# What this task involves
Begin at the line below that holds "3、制冷機低溫泵在世界各國空間環境模擬器上的應用" and end at the line that holds "Кабинет министров ограничил", transcribing each line exactly and skipping any picture.

# Provided entries
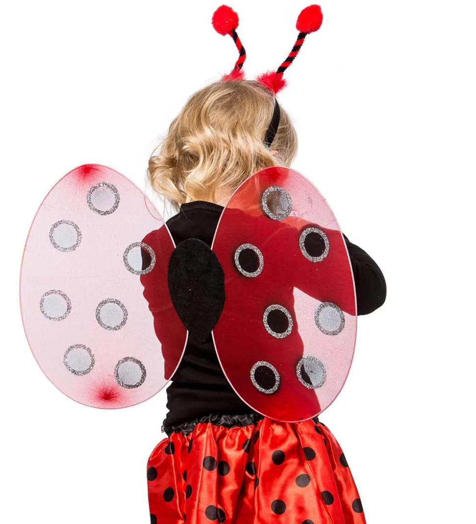 Molly & Rose vingerne er gennemsigtig rød med sorte prikker og sølv glimmer. Vingerne har elastiske stropper, som barnet skal have rundt om skuldrene. Hårbøjlen er sort med følehorn og røde fjer.
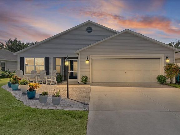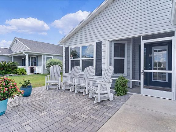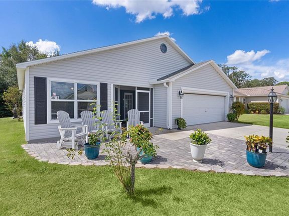 ~$5,000 PRICE REDUCTION~ ~2013 ROOF, HVAC & Hot Water Heater~ ~NO HOMES BEHIND~ ~HIGH, KNOCKDOWN CEILINGS~ ~LUXURY VINYL FLOORING~ Tucked away in the Village of HILLSBOROUGH, this inviting 3/2 SEABREEZE model offers comfort, style, and privacy with no homes behind—just a serene backdrop of shrubs, fencing, and low-maintenance rock and grass landscaping. As you walk up to the screened in front porch, enjoy the curb appeal with the lovely PAVERED FRONT PATIO where you can enjoy visiting with your neighbors! Inside, soaring VAULTED ceilings and an OPEN LAYOUT create a bright, spacious feel. The entry flows into the living and dining areas with LUXURY VINYL floors, updated lighting, ceiling fans, and custom blinds. The kitchen is designed for both function and beauty with high-definition countertops, a CENTRAL ISLAND, and recessed lighting. The primary suite provides VAULTED ceilings, LUXURY VINYL flooring, a ceiling fan, and a CUSTOM WALK-IN closet. The ensuite bath offers DOUBLE SINKS, high counters, a WALK-IN shower, and a linen closet. Two comfortable guest bedrooms provide flexibility for family or office space, each with modern finishes, ceiling fans, and built-in closets. A well-appointed guest bath features a shower/tub combo, high-definition counters, and storage. Enjoy everyday convenience with an INDOOR LAUNDRY ROOM featuring cabinets and a laundry tub, plus a 2-car garage with cabinets, concrete floors, and an ELECTRIC SCREEN. Step outside to the screened lanai with ceramic tile and ceiling fan, the perfect spot for morning coffee or evening relaxation. This home combines modern upgrades, thoughtful details, and a peaceful setting. Minutes from Brownwood, Evans Prairie Country Club, Hillsboro Pool, Multiple Rec Centers, and shopping and dining along CR466A and St Rt 44.
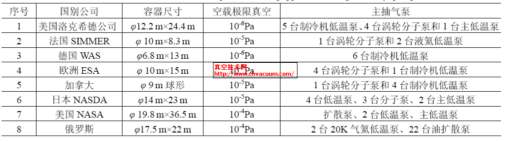 3、制冷機低溫泵在世界各國空間環境模擬器上的應用
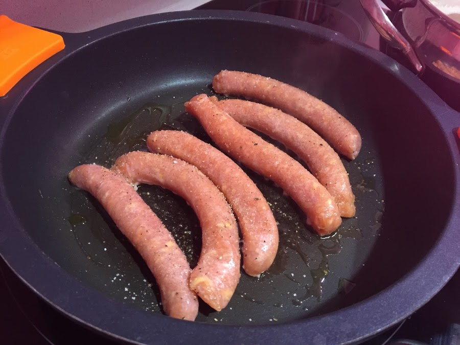 2. Mientras se va cocinando el arroz, preparamos el resto del sofrito. En una cazuela bien caliente ponemos las salchichas de pollo. A fuego medio las doramos bien por fuera, y que se hagan bien por dentro. Es importante que la salchicha sea de calidad, es decir que sea 100% pollo, evitando todo tipo de féculas, conservantes, aromas, colorantes... Acudir a vuestro carnicero de confianza y evitar las grandes superficies. Yo siempre en Santmartí 1850, para mi los mejores, con diferencia.
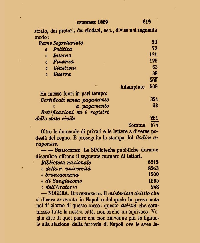 — NOCERA. Rinvenimento. Il misterioso delitto che si diceva avvenuto in Napoli e del quale ho preso nota nel 1° giorno di questo mese: questo delitio che commosse tutta la nostra città, non fu che un equivoco. Voglio dire di quel padre che non rinvenne più le figliuole alla stazione della ferrovia di Napoli ove le avea la-
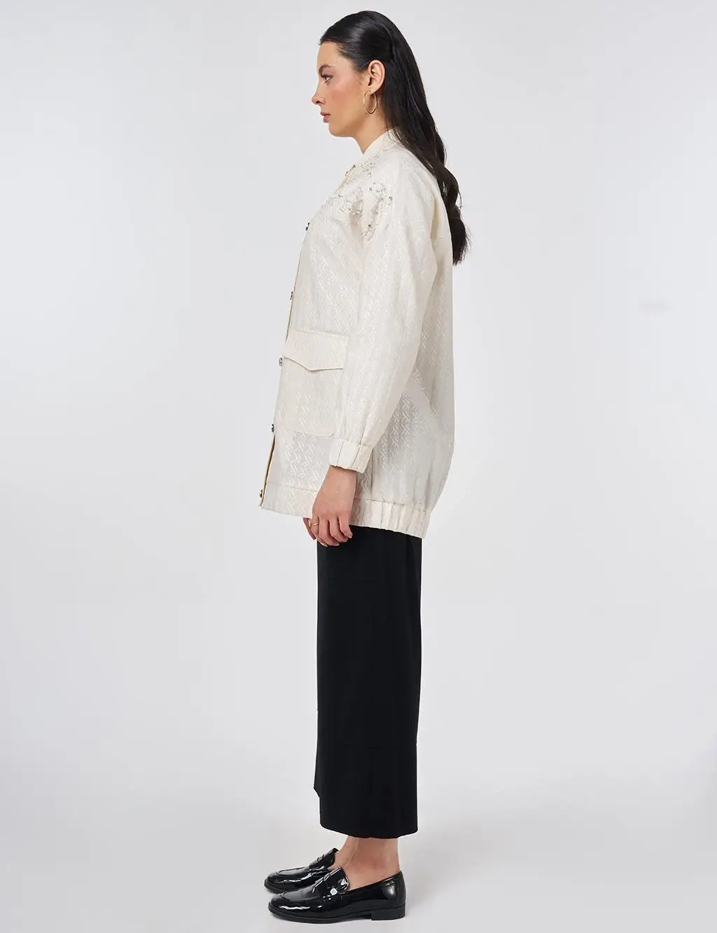 Kayra Taş Detaylı Jakarlı Düğmeli Şık Ceket KA13012
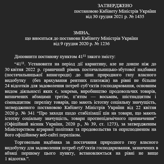Кабинет министров ограничил предельный уровень надбавки к цене природного газа собственной добычи, который используют производители социальных продуктов. Максимальная прибавка до 30 апреля составит 24%. Об этом идет речь в постановлении правительства от 30 декабря 2021 года № 1435.
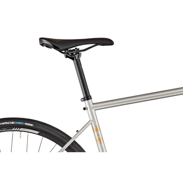 Le cadre du Nicasio est en acier chromoly, promettant une solidité à toute épreuve. Sa géométrie Beyond Road met l’accent sur le confort du cycliste : elle propose une position plutôt redressée, plus agréable sur les longues sorties. Ce cadre a surtout l’avantage de pouvoir s’adapter au terrain emprunté, avec des dégagements avant/arrière permettant de monter des pneus de 40 mm (roues 700c) ou de 47 mm de section (roues 650b). Il permet enfin le montage des indispensables garde-boue/porte-bagages pour le transformer en parfait commuter.

# Finished task
 3、制冷機低溫泵在世界各國空間環境模擬器上的應用
 2. Mientras se va cocinando el arroz, preparamos el resto del sofrito. En una cazuela bien caliente ponemos las salchichas de pollo. A fuego medio las doramos bien por fuera, y que se hagan bien por dentro. Es importante que la salchicha sea de calidad, es decir que sea 100% pollo, evitando todo tipo de féculas, conservantes, aromas, colorantes... Acudir a vuestro carnicero de confianza y evitar las grandes superficies. Yo siempre en Santmartí 1850, para mi los mejores, con diferencia.
 — NOCERA. Rinvenimento. Il misterioso delitto che si diceva avvenuto in Napoli e del quale ho preso nota nel 1° giorno di questo mese: questo delitio che commosse tutta la nostra città, non fu che un equivoco. Voglio dire di quel padre che non rinvenne più le figliuole alla stazione della ferrovia di Napoli ove le avea la-
 Kayra Taş Detaylı Jakarlı Düğmeli Şık Ceket KA13012
Кабинет министров ограничил предельный уровень надбавки к цене природного газа собственной добычи, который используют производители социальных продуктов. Максимальная прибавка до 30 апреля составит 24%. Об этом идет речь в постановлении правительства от 30 декабря 2021 года № 1435.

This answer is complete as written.